DATA UNDER STUDY ->

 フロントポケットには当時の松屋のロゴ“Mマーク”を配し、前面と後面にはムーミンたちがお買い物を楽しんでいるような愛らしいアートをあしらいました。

* * *

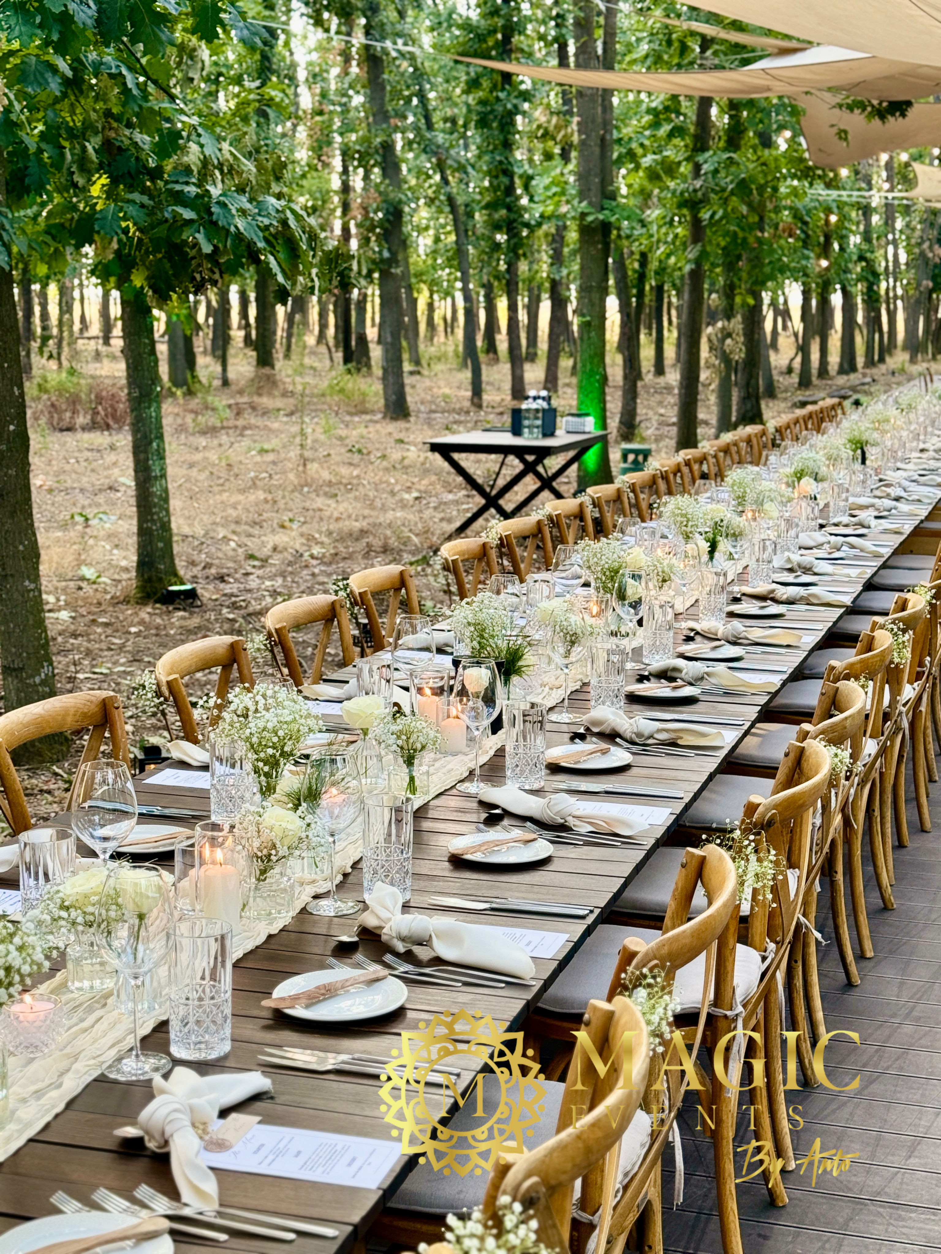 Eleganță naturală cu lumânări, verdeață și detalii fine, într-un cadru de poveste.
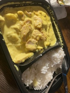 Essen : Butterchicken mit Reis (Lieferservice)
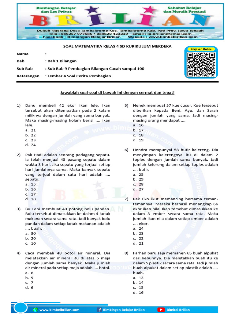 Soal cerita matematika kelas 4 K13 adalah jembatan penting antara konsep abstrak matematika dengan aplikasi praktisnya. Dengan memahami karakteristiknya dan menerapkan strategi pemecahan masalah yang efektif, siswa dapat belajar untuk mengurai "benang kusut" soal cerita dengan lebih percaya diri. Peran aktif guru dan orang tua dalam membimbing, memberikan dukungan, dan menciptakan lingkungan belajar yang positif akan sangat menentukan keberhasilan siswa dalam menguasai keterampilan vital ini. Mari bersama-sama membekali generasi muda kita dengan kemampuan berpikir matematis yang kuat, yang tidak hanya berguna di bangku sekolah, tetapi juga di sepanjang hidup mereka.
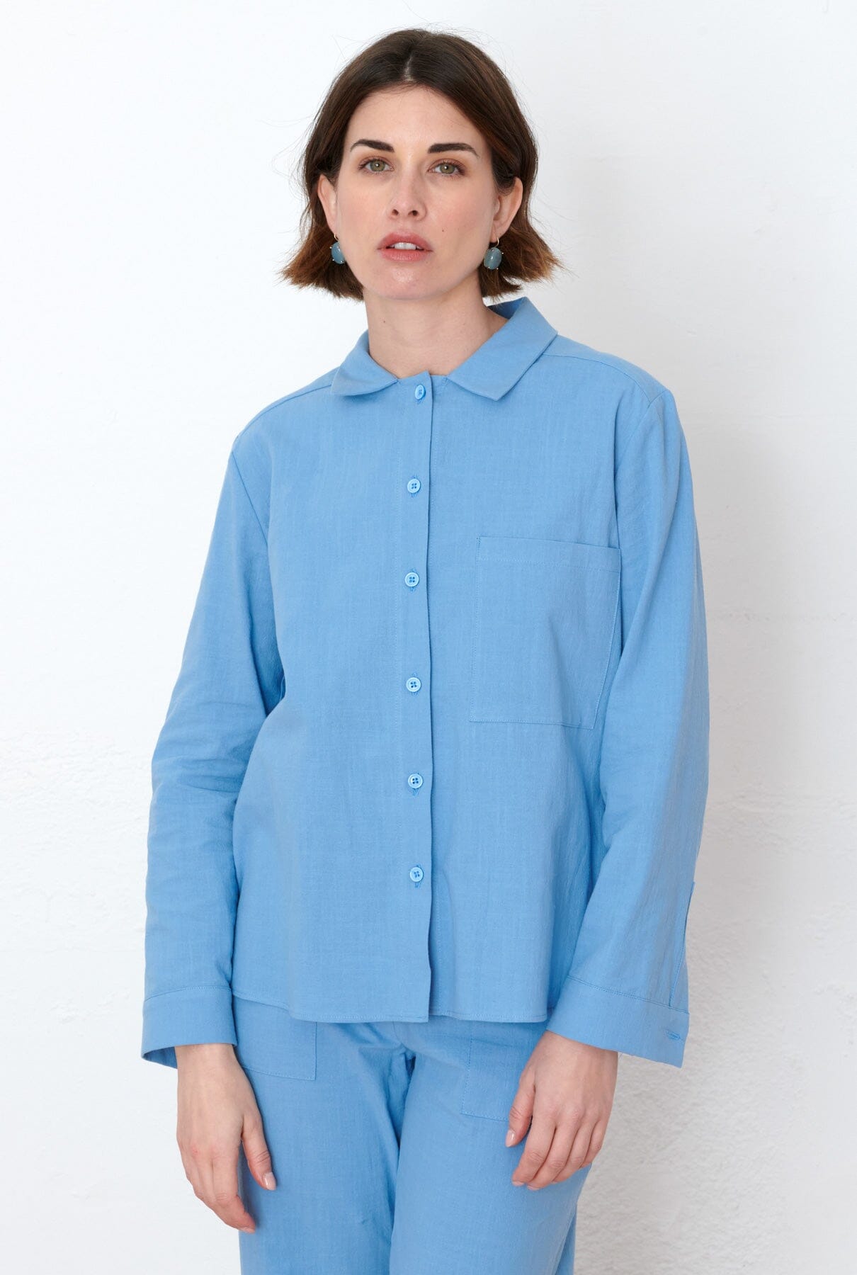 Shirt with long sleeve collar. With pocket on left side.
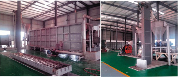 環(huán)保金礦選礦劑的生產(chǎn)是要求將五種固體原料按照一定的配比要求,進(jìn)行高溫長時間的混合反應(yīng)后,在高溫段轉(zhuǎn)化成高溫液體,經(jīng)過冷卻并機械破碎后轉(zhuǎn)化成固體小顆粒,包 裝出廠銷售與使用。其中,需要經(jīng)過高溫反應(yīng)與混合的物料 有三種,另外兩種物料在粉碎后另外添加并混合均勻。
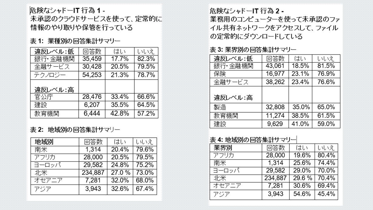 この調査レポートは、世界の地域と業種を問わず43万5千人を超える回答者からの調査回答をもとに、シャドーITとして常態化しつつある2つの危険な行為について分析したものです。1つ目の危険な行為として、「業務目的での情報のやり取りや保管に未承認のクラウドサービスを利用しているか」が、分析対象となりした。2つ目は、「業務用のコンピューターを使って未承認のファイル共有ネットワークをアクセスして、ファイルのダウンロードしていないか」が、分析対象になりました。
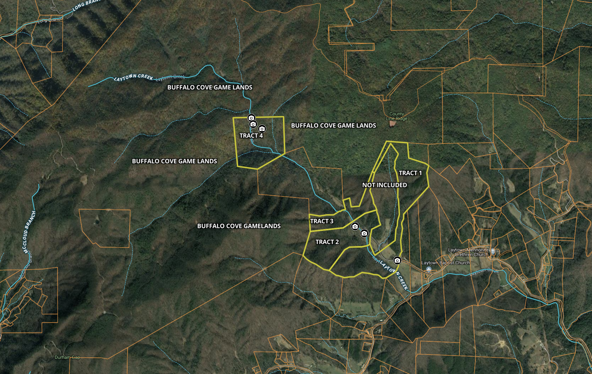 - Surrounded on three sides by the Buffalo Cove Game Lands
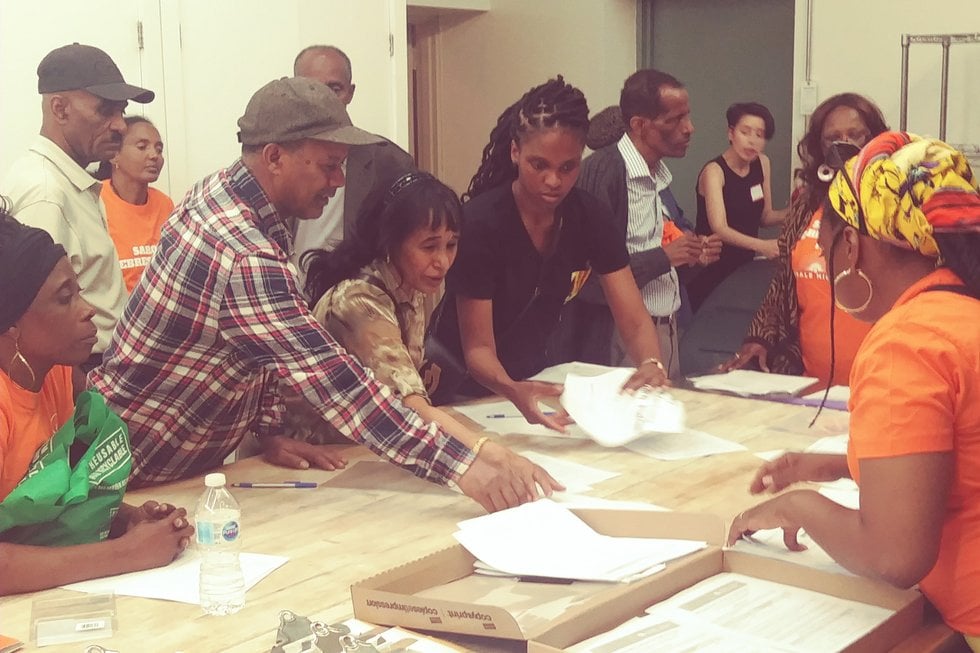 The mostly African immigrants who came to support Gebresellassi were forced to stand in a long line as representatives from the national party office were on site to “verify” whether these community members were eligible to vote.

==

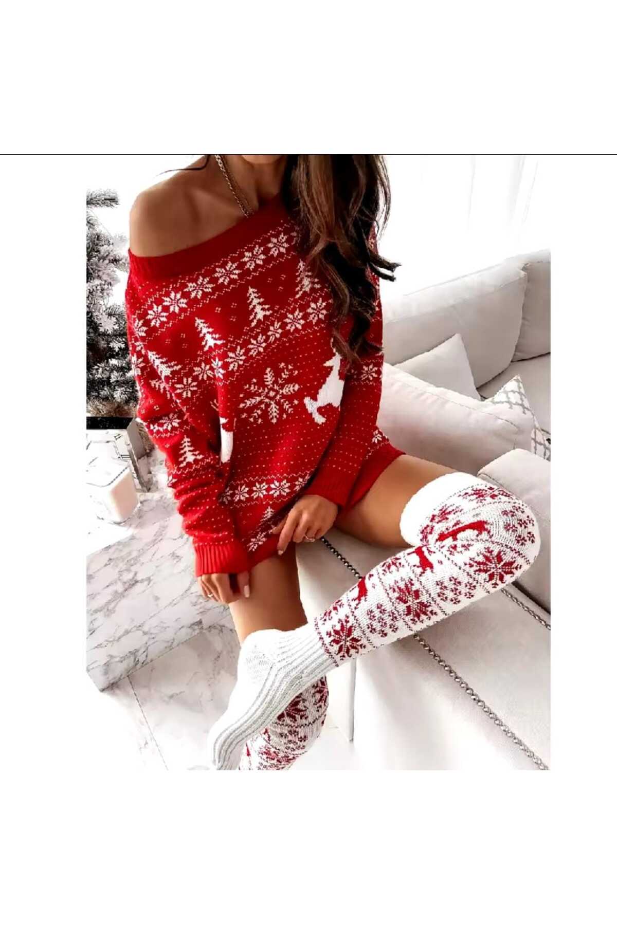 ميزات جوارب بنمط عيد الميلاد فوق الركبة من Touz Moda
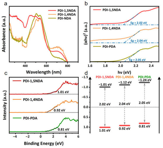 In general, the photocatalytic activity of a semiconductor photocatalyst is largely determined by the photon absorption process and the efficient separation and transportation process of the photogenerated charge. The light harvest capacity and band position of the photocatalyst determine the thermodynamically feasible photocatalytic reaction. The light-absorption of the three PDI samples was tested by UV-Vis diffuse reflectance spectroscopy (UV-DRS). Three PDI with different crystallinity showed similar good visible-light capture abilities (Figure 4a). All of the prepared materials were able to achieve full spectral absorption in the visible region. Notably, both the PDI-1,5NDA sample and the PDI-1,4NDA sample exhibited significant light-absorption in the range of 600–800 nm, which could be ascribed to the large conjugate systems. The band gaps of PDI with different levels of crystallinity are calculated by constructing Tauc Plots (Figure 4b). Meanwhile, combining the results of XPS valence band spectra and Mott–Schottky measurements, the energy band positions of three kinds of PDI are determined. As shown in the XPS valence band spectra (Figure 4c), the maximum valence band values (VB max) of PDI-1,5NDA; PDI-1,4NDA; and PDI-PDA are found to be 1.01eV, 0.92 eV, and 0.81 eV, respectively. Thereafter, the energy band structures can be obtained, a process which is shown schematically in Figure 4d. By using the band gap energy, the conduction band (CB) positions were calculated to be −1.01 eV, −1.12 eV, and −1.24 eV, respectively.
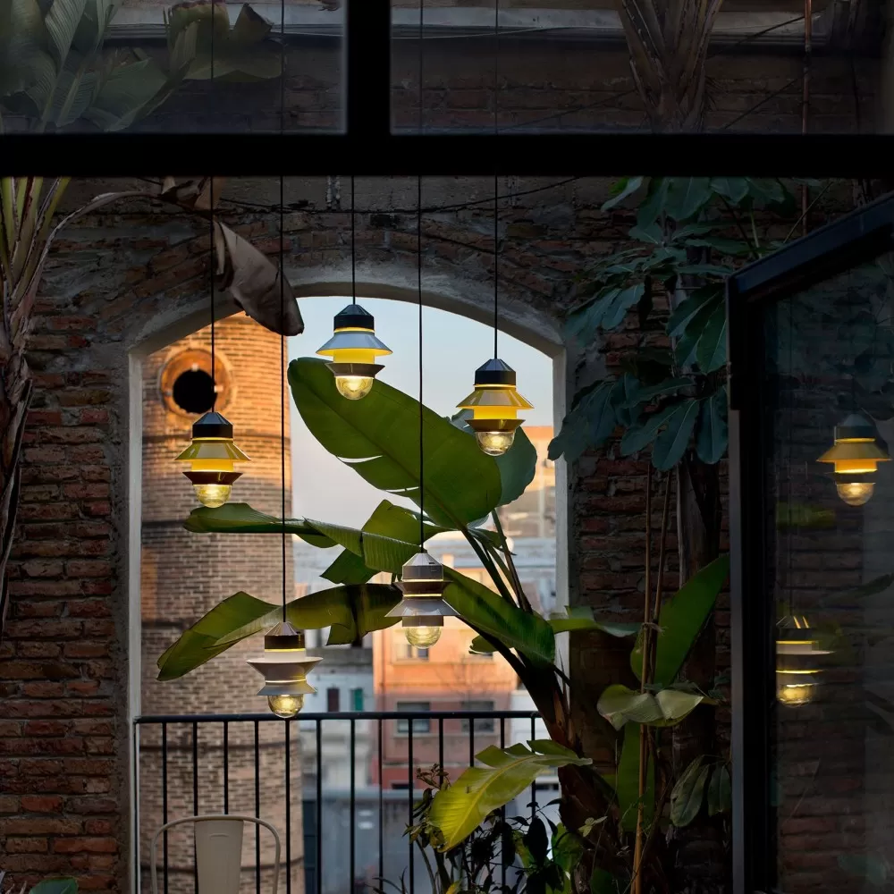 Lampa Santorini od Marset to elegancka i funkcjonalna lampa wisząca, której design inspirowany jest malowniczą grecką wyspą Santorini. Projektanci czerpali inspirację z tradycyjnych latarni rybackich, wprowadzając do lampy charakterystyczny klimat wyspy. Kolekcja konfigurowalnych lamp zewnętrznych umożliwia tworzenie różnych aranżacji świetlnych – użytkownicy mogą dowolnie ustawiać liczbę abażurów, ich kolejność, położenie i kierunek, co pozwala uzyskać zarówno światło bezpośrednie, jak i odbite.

YOUR INSTRUCTIONS -> Exactly the lines starting at the one above with "この調査レポートは、世界の地" and ending at the one with "- Surrounded on" should be printed, and nothing else. Omit the pictures.

RESULT OF THIS EXERCISE ->
 この調査レポートは、世界の地域と業種を問わず43万5千人を超える回答者からの調査回答をもとに、シャドーITとして常態化しつつある2つの危険な行為について分析したものです。1つ目の危険な行為として、「業務目的での情報のやり取りや保管に未承認のクラウドサービスを利用しているか」が、分析対象となりした。2つ目は、「業務用のコンピューターを使って未承認のファイル共有ネットワークをアクセスして、ファイルのダウンロードしていないか」が、分析対象になりました。
 - Surrounded on three sides by the Buffalo Cove Game Lands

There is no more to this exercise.